Financial inclusion, in its narrowest connotation, is generally assumed to be a business that provides people, especially those in the previously unbanked region, with a bank account. However, this simple possession of a bank account cannot bring wonders, besides being incomplete in defining the intended meaning of financial inclusion. What is critical are the facilities offered to people with a bank account. Direct cash transfers have significantly controlled the leakage of funds to targeted beneficiaries – the poor. In addition, the poor can access insurance products with nominal premiums through their bank accounts. Not to mention saving habits which could also be instilled, encouraged and improved. More importantly, financial inclusion will have its impact when credit facilities for the poor have seen a dramatic improvement in both quantity and quality.
During one of my field visits to a tribal village in Andhra Pradesh, when I was an intern at SERP (Society for the Elimination of Rural Poverty) in 2010, I spoke to a woman, as part of my investigation of the performance of self-help groups, whose families are lifted out of poverty. The woman said: “My husband worked in a factory, but after his health deteriorated, he could not continue his work. She expressed her inability to feed her three children with the meager salary she would earn. “Then I shared my problems with members of our SHG. As advised, I would apply for the loan from our SHG and although there were other members who needed the money, my case was reviewed and we were selected to receive the loan, the amount of which includes the corporate fund of our group and financing by the Bank. We bought a rickshaw for my husband and now we are out of the poverty line, ”she added with visible signs of relief in her expression. “So it was financial aid that helped you,” I asked to confirm. She agreed and clarified that most of the poor, regardless of their livelihood, will need it to begin their journey across the poverty line.
The success story of the Pudupu Sangams or women’s self-help groups in the PA has been the model behind the National Rural Livelihood Mission. As part of this mission, nationwide efforts have been undertaken by the Ministry of Rural Development to create, manage and empower self-help groups for women. Although PA women’s groups have enough corpus to lend to their members, self-help groups in other states depend on financial institutions such as banks, MFs, and NBFCs to fund their projects. Banks, especially public sector banks, have so far played a central role in funding self-help groups. The main thing is to financially help SHG members who would invest the money in income-generating assets that would provide them with support to get out of the poverty line.
In addition to financing SHGs, banks have played a commendable role in financing the financial needs of agriculture and related activities. Designated as a priority sector for Banks, there is a stipulated percentage of the Annual Net Bank Credit (ANBC) that is allocated to Agriculture and related activities. Notwithstanding the inability of farmers to repay loans during bad seasons and the policies of forgetting agricultural loans, there are thousands of agricultural loan success stories.
The Pradhan Mantri Jan Dhan yojana, which earned the Indian government (Department of Financial Services) a Guinness World Record for the maximum number of accounts opened in a week, has sparked much debate about its effectiveness in reducing poverty. While some believe that simply opening an account makes no meaningful contribution to the well-being of the poor, others believe that former financial illiterates gained financial literacy not only by familiarizing themselves with standards. basic banking, but also practicing it. Proponents argued that savings habits were instilled and people learned about financial products such as credits / loans for farmers etc. One of the best advantages for the poor with a bank account, in addition to obtaining credit, is arguably its additional assistance. for the direct benefit transfer program to be implemented successfully and thus avoid the leakage of rupee crores to farmers in the previous cases.

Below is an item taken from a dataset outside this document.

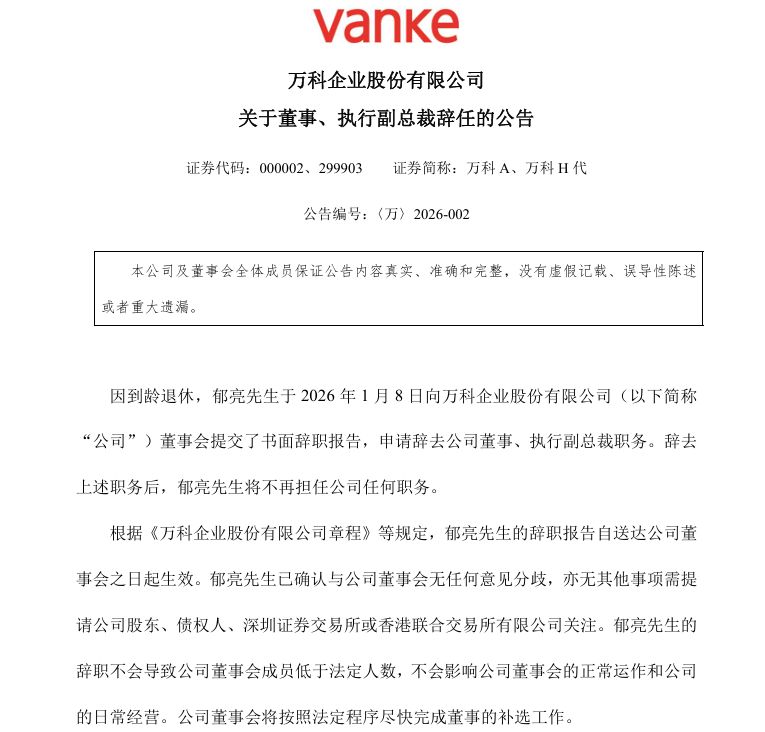 1月8日,万科A发布公告称,因到龄退休,郁亮先生于2026年1月8日向万科企业股份有限公司(以下简称 “公司”)董事会提交了书面辞职报告,申请辞去公司董事、执行副总裁职务。

It is no secret that the poor are tricked by money lenders with exorbitant interest rates charged on their borrowed money. For people who depended on the results of annual harvests and seasonal jobs, pressing demands like medical and food expenses and occasional expenses for weddings and functions forced the poor to turn to pawn shops. Improved bank financing has significantly reduced the headache for the poor. There is still room for improvement to bridge the gap between the poor and the banks in the use of credit. While caring for the poor is the cumbersome process involving heavy documentation, banks on the other hand have their own concerns – the creditworthiness of the poor. Most of the financing provided by banks is based on the company’s assumption that its repayment will be made on time. To ensure that the poor do not default, it is important that the credit used is used for income-generating assets. Thus, sincere inspection work on the part of bankers could help eliminate documentation problems by making the process of granting credit to the poor more user-friendly.
Should we then conclude that having a bank account will transform the fortune of a poor family overnight? It is often said that eradicating poverty is a multidimensional approach and that the poor have the capacity and the knowledge to lift themselves out of poverty. From the many testimonies of the poor, it is evident that finance is one of the most important tools for rural development. This will of course require many other efforts such as securing basic necessities – a good road, an electrified house, drinking water, etc. And while we recognize the right of the poor to decide how best they might develop, one thing is certain that financial inclusion in its true sense will continue to be the only valuable and indispensable tool in the fight against poverty. .
The opinions expressed above are those of the author.